Many health professionals are pushing for a law change so people can test what drugs they're taking, as Fentanyl is detected in New Zealand's drug market for the first time.
Some recreational drugs are now being laced with the deadly painkiller Fentanyl and it was first detected at a music festival gig in February.
The owner of the white powder thought it was heroin. And while they're both opioids, Fentanyl is up to 100 times more powerful.
The drug has killed tens of thousands of people around the world, including rock star Prince.
There's still no evidence of how Fentanyl is getting into the recreational drug market, and that's why many health professionals are pushing for a change in the law on testing.
"Drugs will come and go. So as one drug say gets stronger and tighter controls about it there's a risk then that another drug will become more available to the market," said Kathryn Leafe of the Needle Exchange Programme.
Health Minister David Clark has launched an independent inquiry into drug addiction, but is reluctant to let recreational drug testing be legal.
"As the law stands there is no wriggle room.

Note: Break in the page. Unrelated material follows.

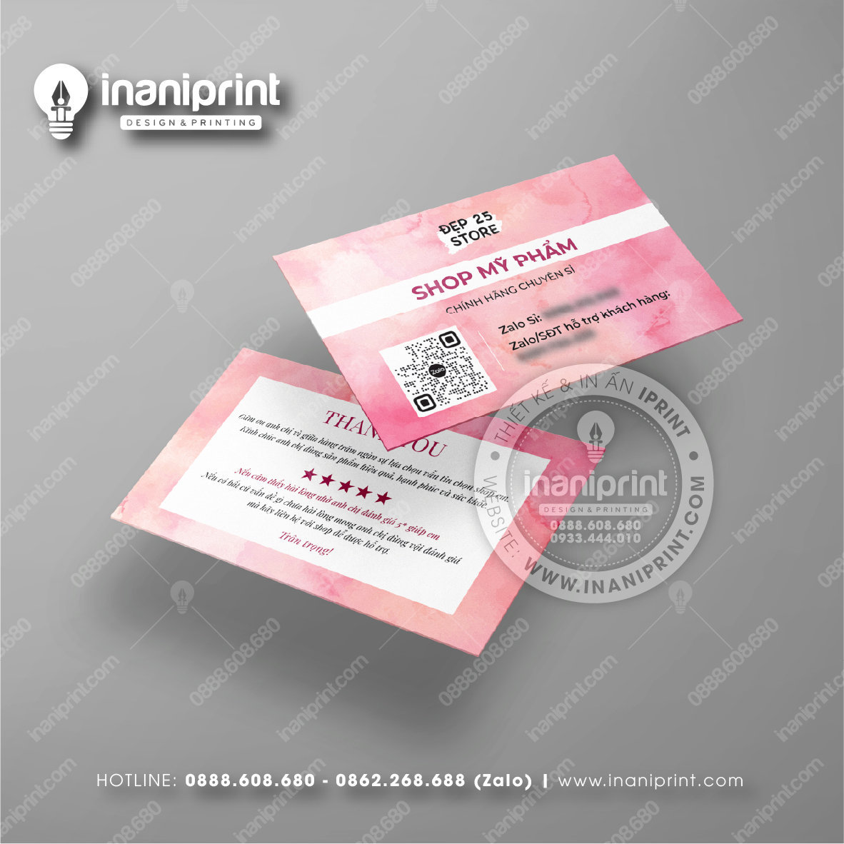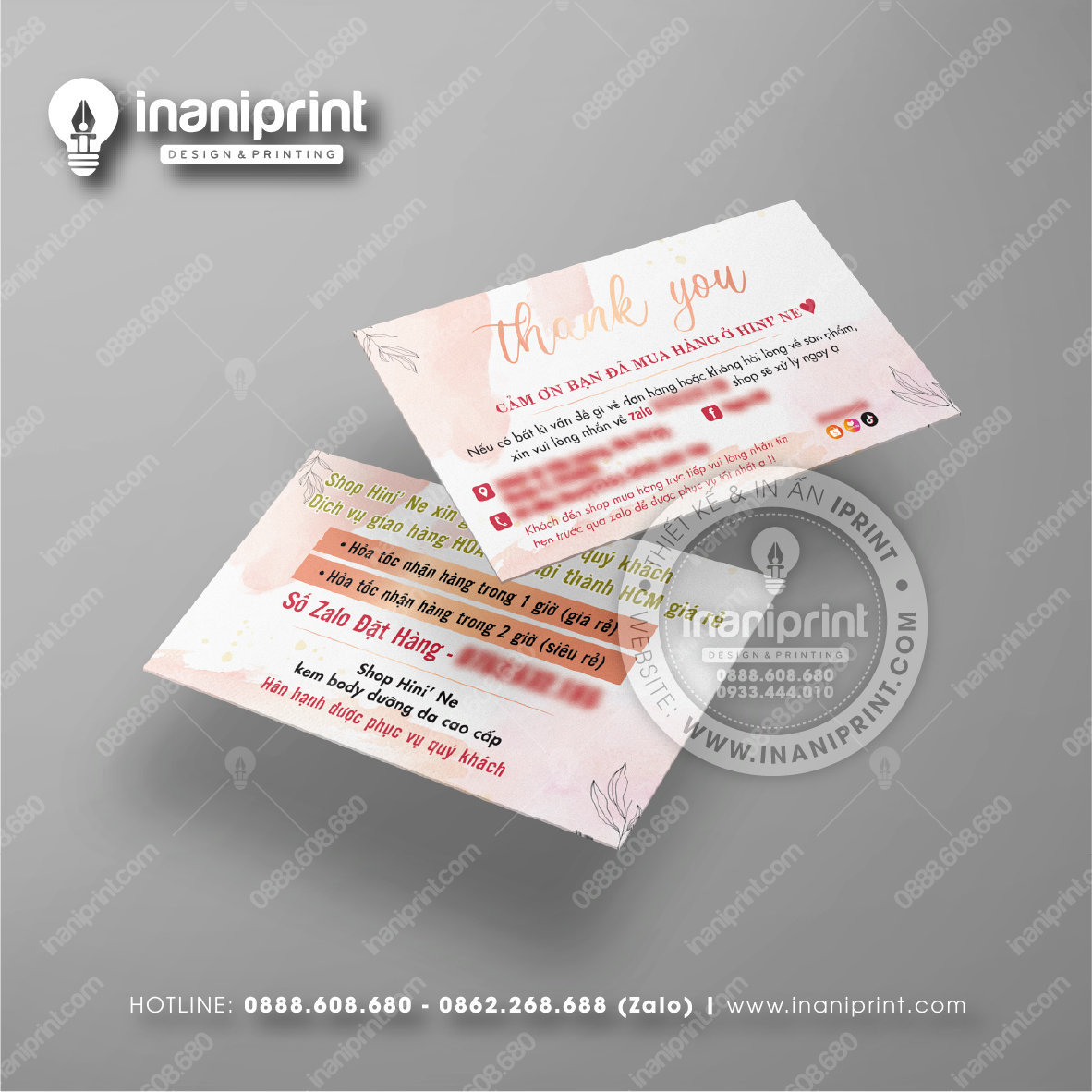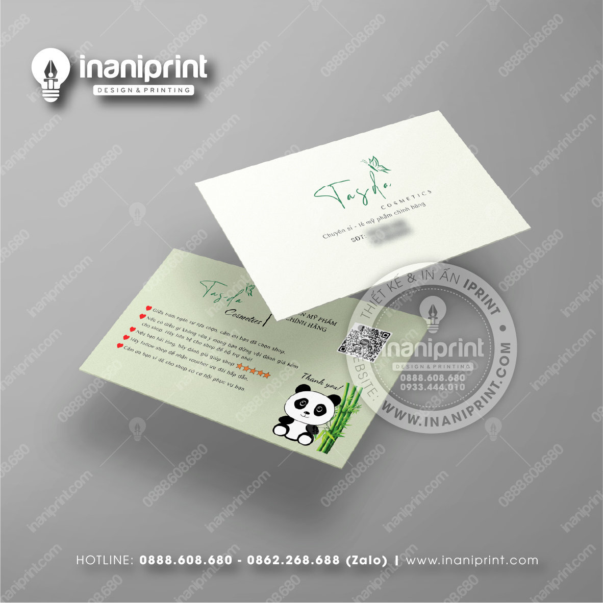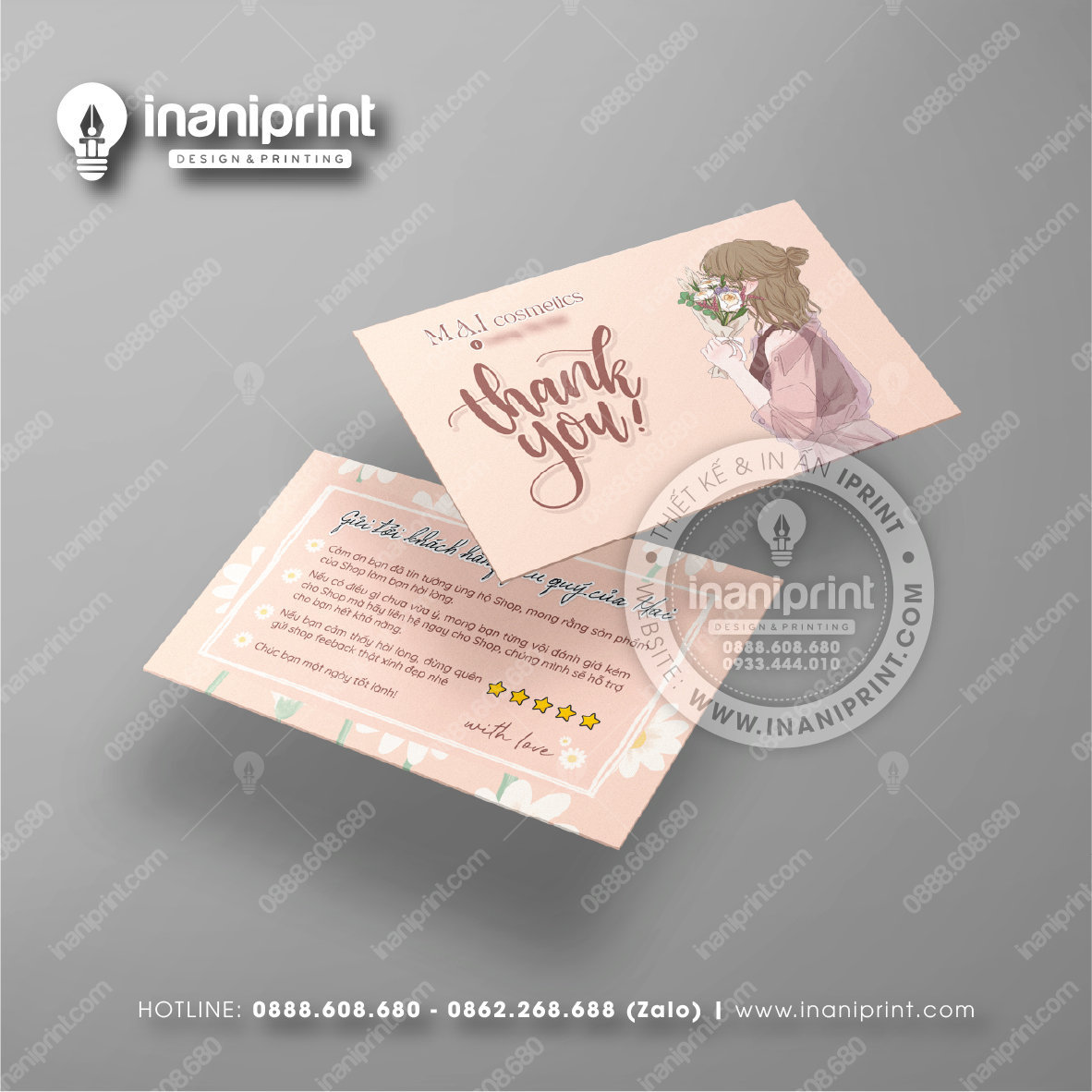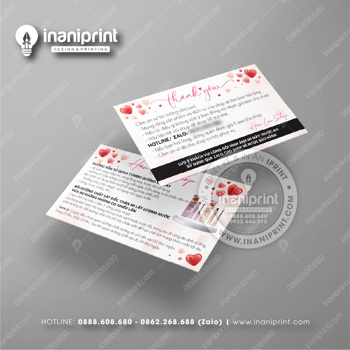 In Name Card Shop Mỹ Phẩm là quá trình thiết kế và in ra những tấm Danh Thiếp (Card Visit) có chứa thông tin quan trọng: tên, chức vụ, công ty, số điện thoại, email, website, logo. Chúng được in trên giấy (Couche, Bristol, mỹ thuật), nhựa hoặc PVC, bên cạnh đó là được áp dụng in offset hay kỹ thuật số, cùng các gia công tăng tính thẩm mỹ và độ bền (cán màng, ép kim).

Anyone can work out that as soon as you make one aspect of it legal that has implications right down the system," he said.
The classification of Fentanyl will be part of that review, potentially elevating it in line with ecstasy and opium.
Wendy Allison, director of Know Your Stuff which tests drugs at festivals, says the danger associated with Fentanyl is that when people take it thinking they're taking something else, "it is very, very easy to get the dosage wrong and overdose and die".
Customs says there has been a small spike in Fentanyl at the border.
And the Health Quality and Safety Commission has found that for every 1000 people, two are getting Fentanyl from a doctor. It's used for chronic pain and cancer treatment.
"The numbers are increasing and that is a potentially a concern. And we asked that some of the DHBs actually look at their data to see if their increased useage is justified," said William Allan of the Health Quality and Safety Commission.